While the potential budget cuts being debated in the U.S. House of Representatives have worried many Montana farmers, a Montana State University economics professor believes they may be beneficial to the economy as a whole.
Vince Smith, an MSU economist, has long been an opponent of farm subsidies and direct farm payments. Long a staple of the agricultural sector, direct farm payments have recently come under fire for being wasteful and unnecessary. Given the recent budget hysteria, farmers and policy makers have both agreed to do away with direct payment subsidies.
However, the recent House budget goes much further than the elimination of direct payments.
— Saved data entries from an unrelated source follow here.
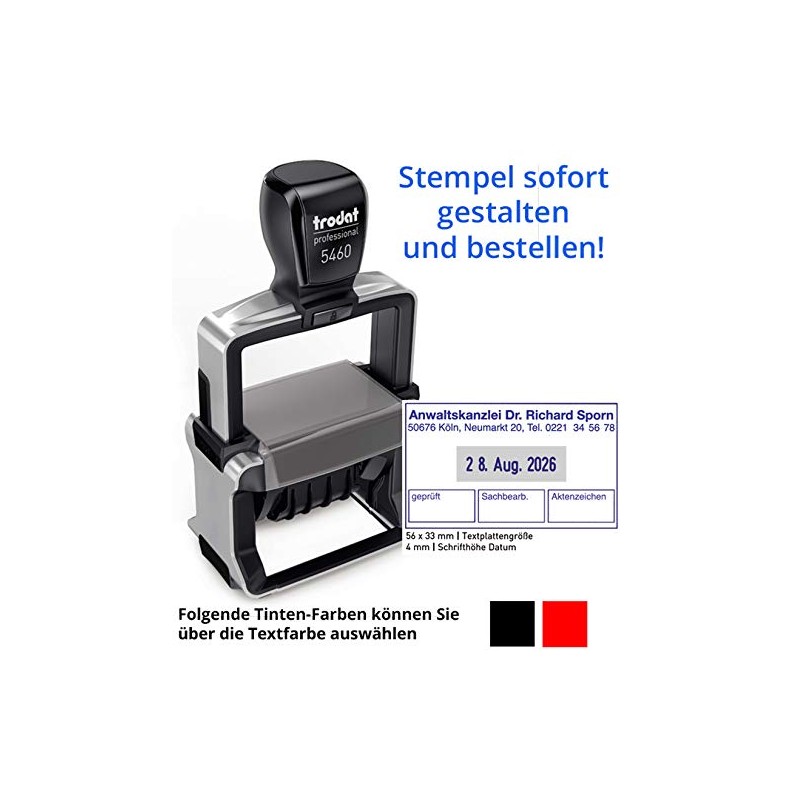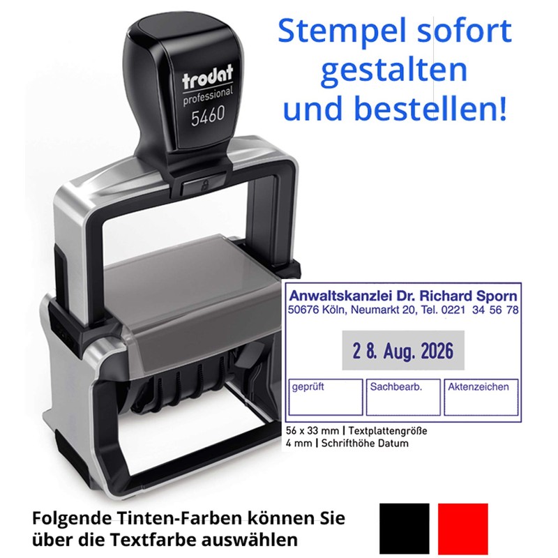 Trodat Professional Text & Date Stamp 5460 56 x 33 mm 5 Lines and Date Attention German Days of the Week in Various Colours Design Online (Metal)
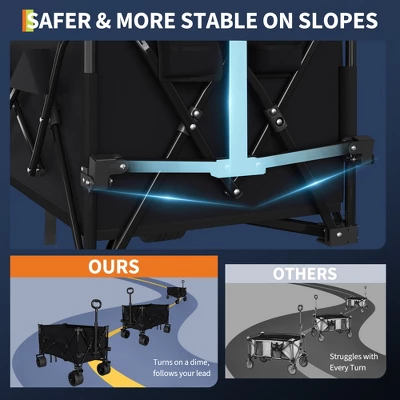 Introducing Our Collapsible Wagon Cart with Wheels, the perfect companion for your outdoor adventures. This folding utility wagon offers a heavy-duty design that combines durability with convenience, making it ideal for camping, beach trips, gardening, and more.No assembly is required thanks to its innovative design, allowing you to set up or fold the wagon in seconds. When folded, it measures a compact 8.6 x 10.2 x 26.8 inches, making it easy to store and transport. The handle on the cover ensures smooth movement and effortless carrying wherever you go.Equipped with four large 7-inch by 4-inch all-terrain wheels, this beach wagon glides smoothly over sand, gravel, grass, and virtually any surface. The strong steel frame and durable 600D Oxford fabric provide excellent support and longevity, able to handle heavy loads with ease.This wagon features a deeper and larger storage capacity, with unfolded dimensions of 38.5 x 22.8 x 35 inches, giving you ample space to carry all your gear. Two integrated water bottle pockets on the front add extra convenience, keeping your drinks or small items within easy reach.Whether you’re heading to the beach, camping, or running errands, the Collapsible Wagon Cart is designed to make transporting your belongings effortless and efficient. Experience the perfect blend of strength, portability, and smart design with this versatile folding utility wagon.
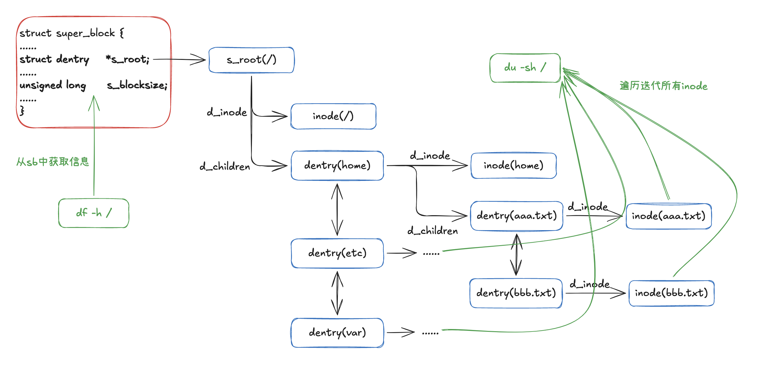 df命令是读取文件系统的sb的信息,而du命令是遍历迭代读取目录下所有的文件。
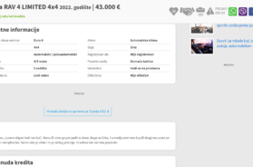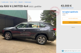 Šetajući internetom naiđosmo na sajtu „Polovni autimobili“ oglas za tek prodato vozilo. U pitanju je oglas (broj 20877192) za potpuno nov Toyotin klasičan hibrid RAV 4 s pogonom na sve točkove, u opremi LIMITED, 2022. godište, s prevaljenih samo 10 kilometara, koji je svim zainteresovanim kupcima bio ponudjen po ceni od 43 hiljade evra.
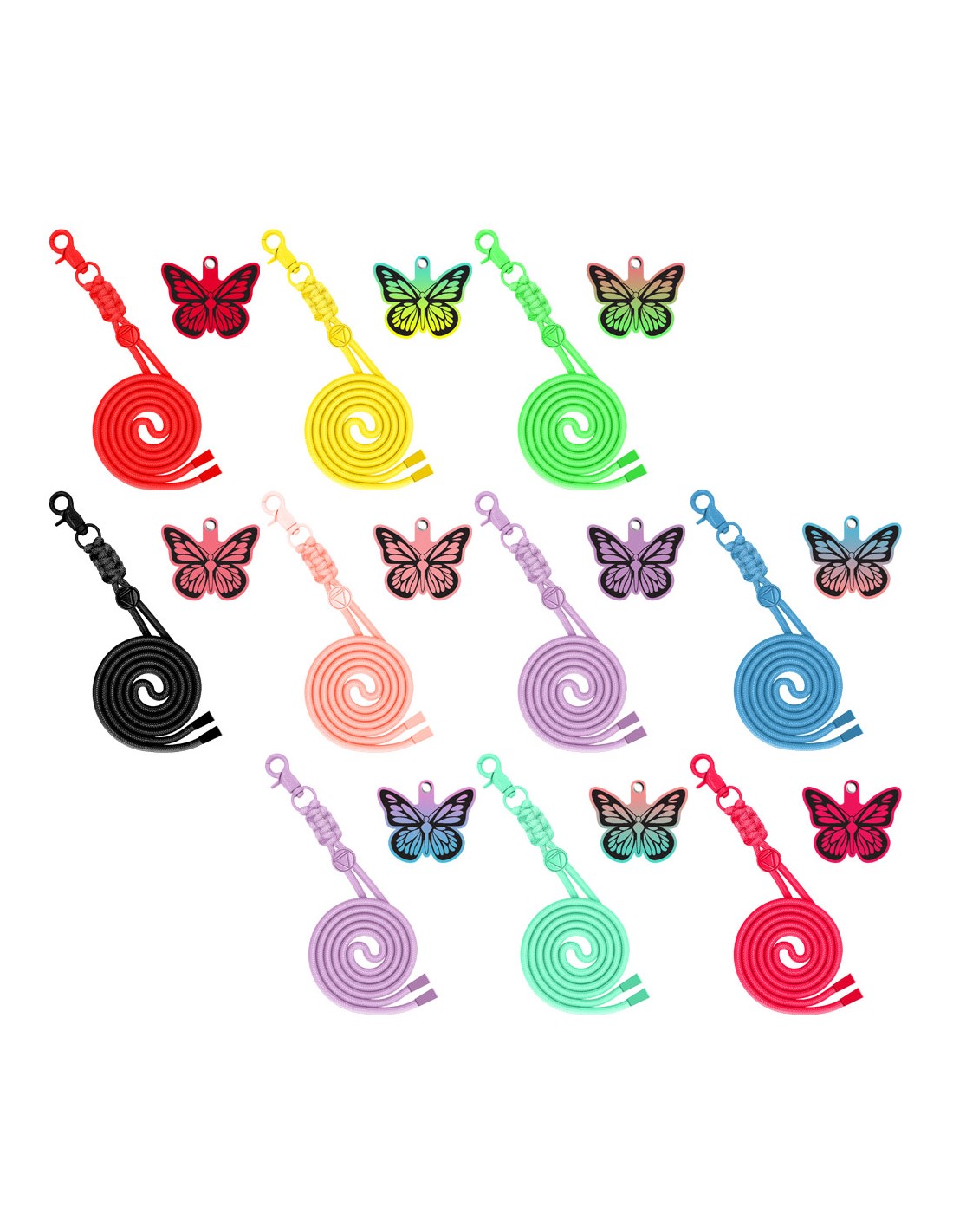 Laccio da collo dotato di gancio e simpatici emoji farfalla per custodia smartphone, disponibile in colori assortiti.

The Ryan Budget submitted by Wisconsin Representative Paul Ryan, calls for $30 billion in farm subsidy cuts, $7 billion more than the budget agreed to by the House and Senate agriculture committees. In addition, the Ryan Budget proposes several major cuts to crop insurance programs, which are increasingly vital given the elimination of direct payments.
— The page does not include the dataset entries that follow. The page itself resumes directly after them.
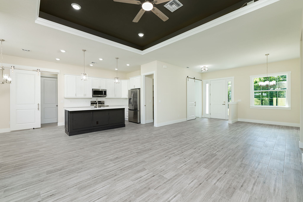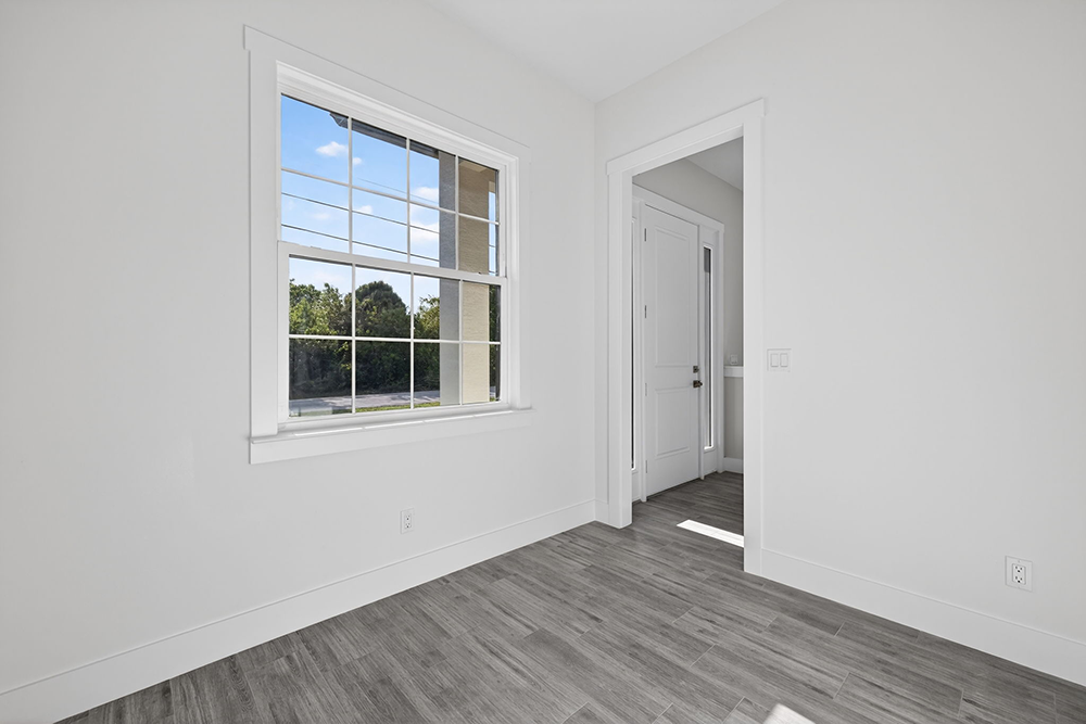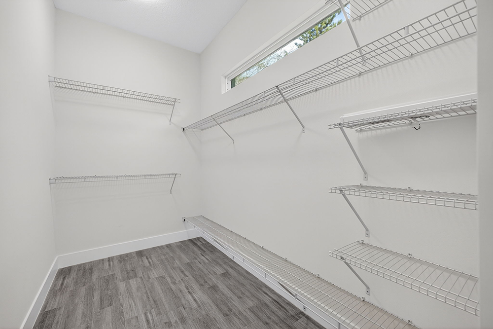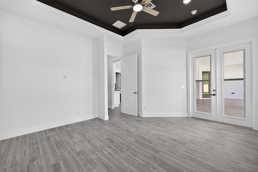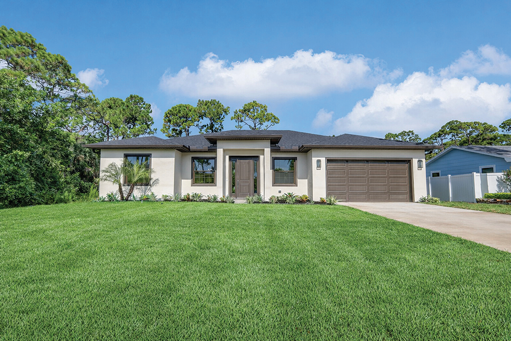 A 60-foot-wide ranch design with a private 3/3 guest or teen suite, impact windows, stacking sliders, and 8-foot French doors with built-in blinds. Open kitchen with oversized island; 42-inch, soft-close cabinetry; quartz throughout; a 5-foot soaking tub; laundry cabinetry; 8-foot interior and garage doors; dedicated office; walk-in kitchen pantry and closets; 10-foot–11-foot ceilings; custom trim detail; barn doors; and gutters.
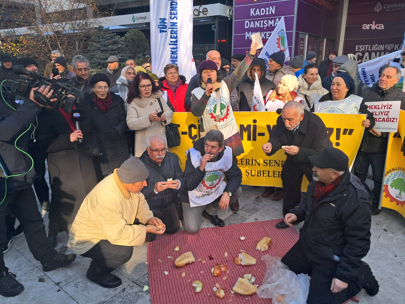 Tüm Emeklilerin Sendikası Ankara Şubeleri, 2026'nın ilk yarısında emeklilere yapılması planlanan zam oranlarını protesto etmek için Sakarya Caddesi’nde açıklama yaptı; emekliler, artan hayat pahalılığına dikkat çekmek amacıyla basın açıklamasının ardından kuru soğan ve ekmek yiyerek geçim sıkıntısına tepki gösterdi.
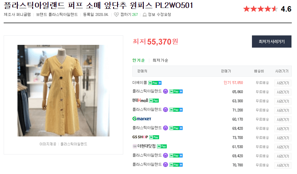 플라스틱아일랜드 퍼프 소매 앞단추 원피스 PL2WO501
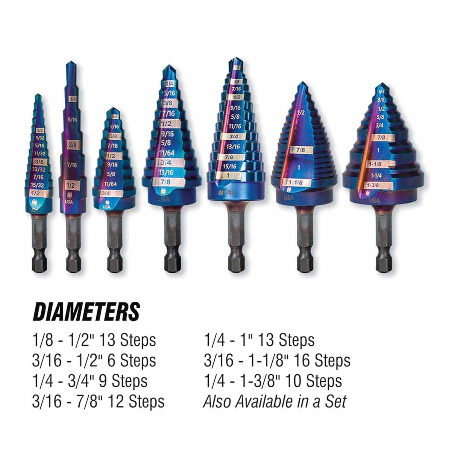 Spyder 19019 1/8 to 1/2-Inch Hex Shank 13 Step Drill Bit
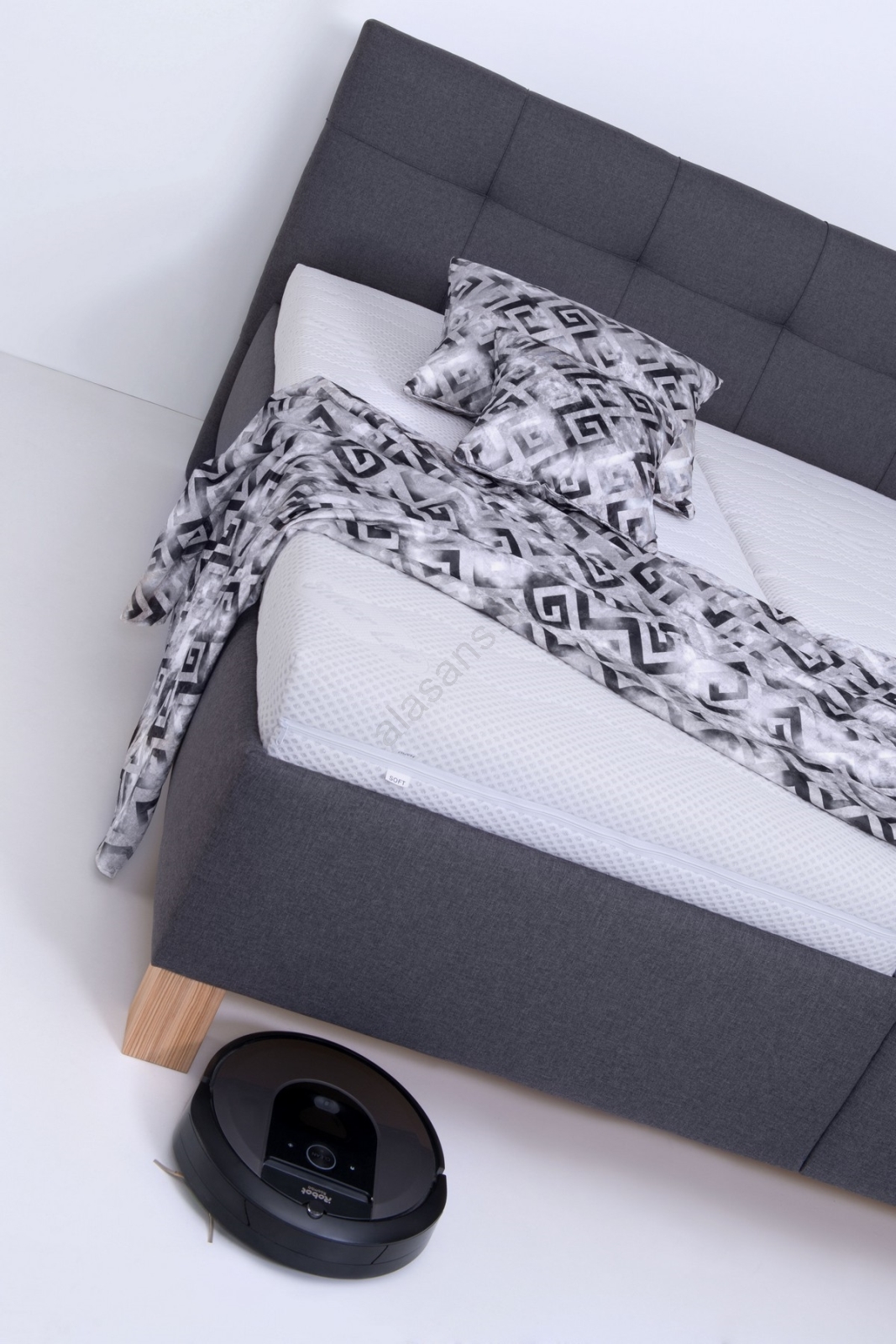• Vuode on varustettu tilavalla säilytystilalla vuodevaatteiden ja muiden tavaroiden säilytykseen.

According to Smith, however, cutting crop insurance will be beneficial to American taxpayers. Current crop insurance programs cost taxpayers between $7 and $8 billion annually, with the federal government covering two-thirds of premium costs. In addition, Smith says, the federal programs pay what Smith calls exorbitant administrative costs to private insurance companies.
While Smith would like to see significant reductions in federal crop insurance programs, it appears unlikely that the Ryan Budget will pass. Senate Majority Leader Harry Reid and Minority Leader Mitch McConnell appear to have reached an agreement not to put the controversial spending bill before the Senate until after the presidential election.